[Start of Attachment]
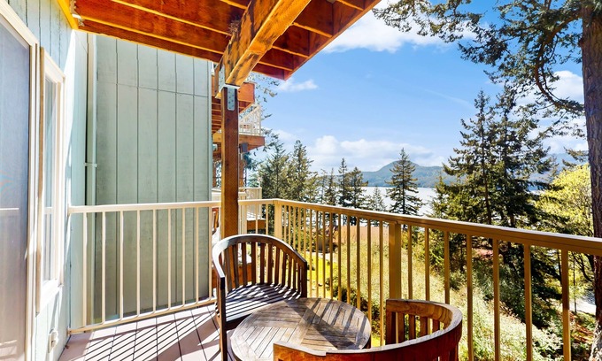 Find rest, relaxation, peace, and privacy at this inviting Orcas Island condo, beautifully situated near Rosario Point. Wake up each morning and step out onto your balcony to take in a view of evergreen treetops, the waters of Cascade Bay, and the gorgeous, mountainous landscape.
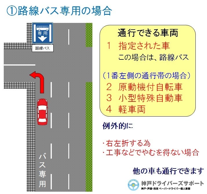 専用通行帯と優先通行帯って何が違うの? - ペーパードライバースクール運転教室スタートライン 愛知・名古屋・岐阜・三重・滋賀・福井・長野。
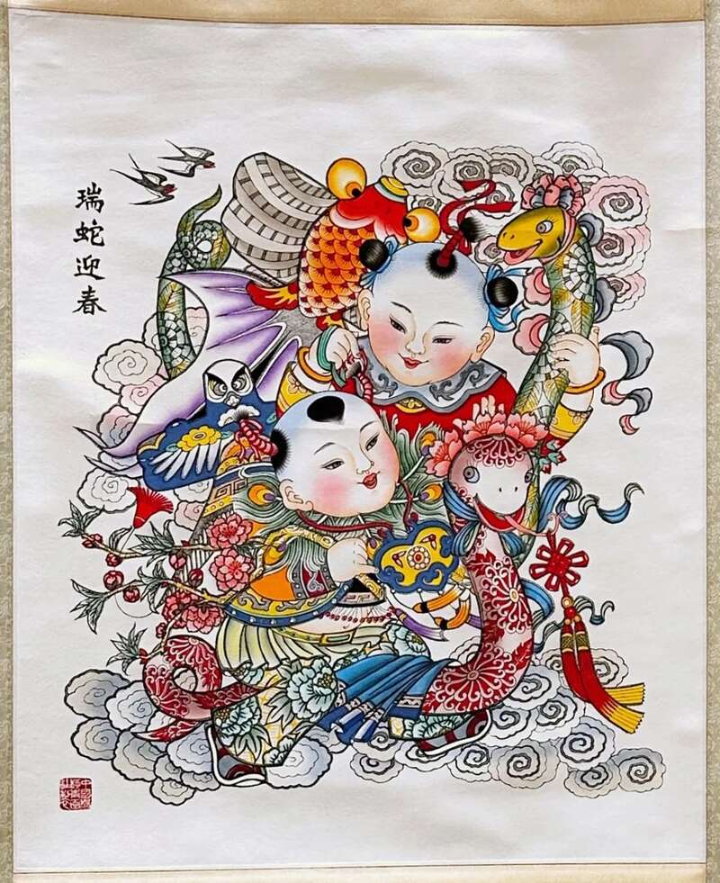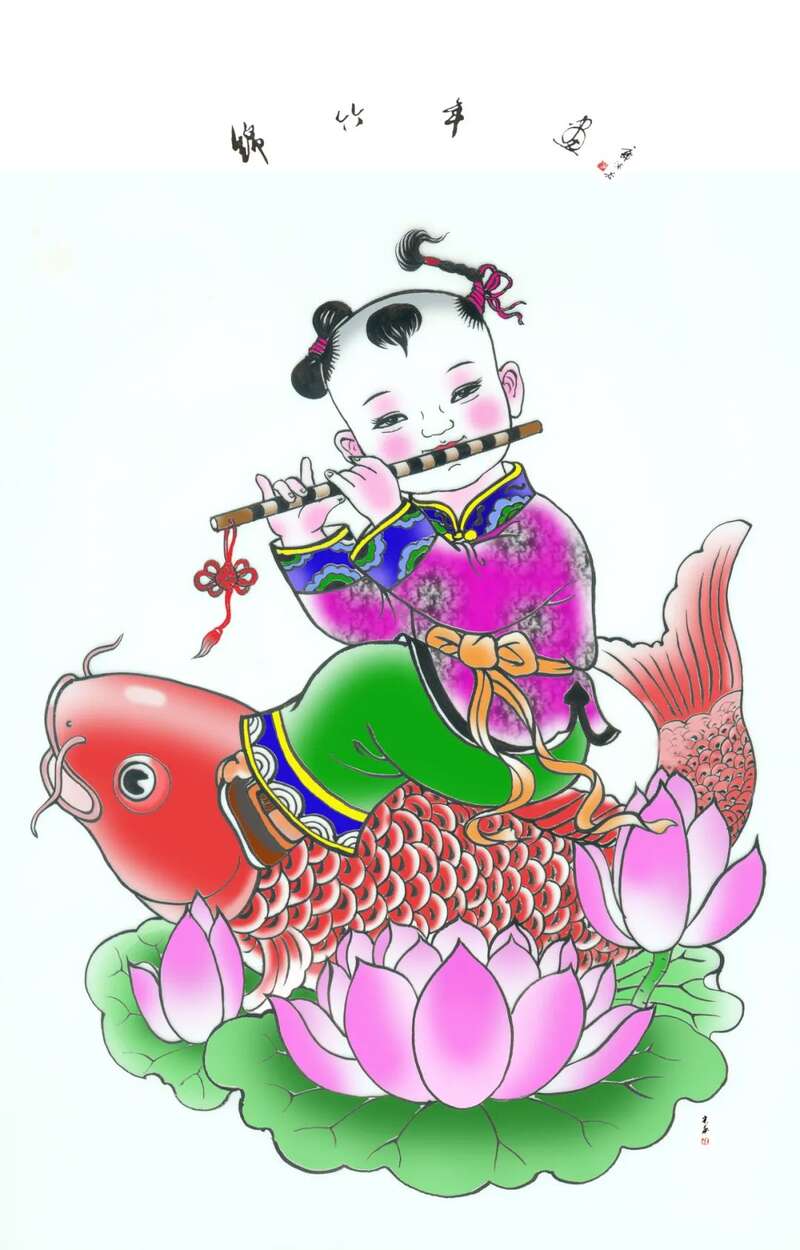 年画是我国特有的一种绘画体裁,供人们在过年时张贴,故名。宋代已有关于年画的记载。年画以其喜庆欢乐的内容、强烈的浪漫主义色彩著称,寄托着对新年的祈愿、蕴含着对美好的期待,成为年文化的重要载体。
[End of Attachment]
About this exercise -> Exclude the images and output the lines above exactly.

Answer area ->
 Find rest, relaxation, peace, and privacy at this inviting Orcas Island condo, beautifully situated near Rosario Point. Wake up each morning and step out onto your balcony to take in a view of evergreen treetops, the waters of Cascade Bay, and the gorgeous, mountainous landscape.
 専用通行帯と優先通行帯って何が違うの? - ペーパードライバースクール運転教室スタートライン 愛知・名古屋・岐阜・三重・滋賀・福井・長野。
 年画是我国特有的一种绘画体裁,供人们在过年时张贴,故名。宋代已有关于年画的记载。年画以其喜庆欢乐的内容、强烈的浪漫主义色彩著称,寄托着对新年的祈愿、蕴含着对美好的期待,成为年文化的重要载体。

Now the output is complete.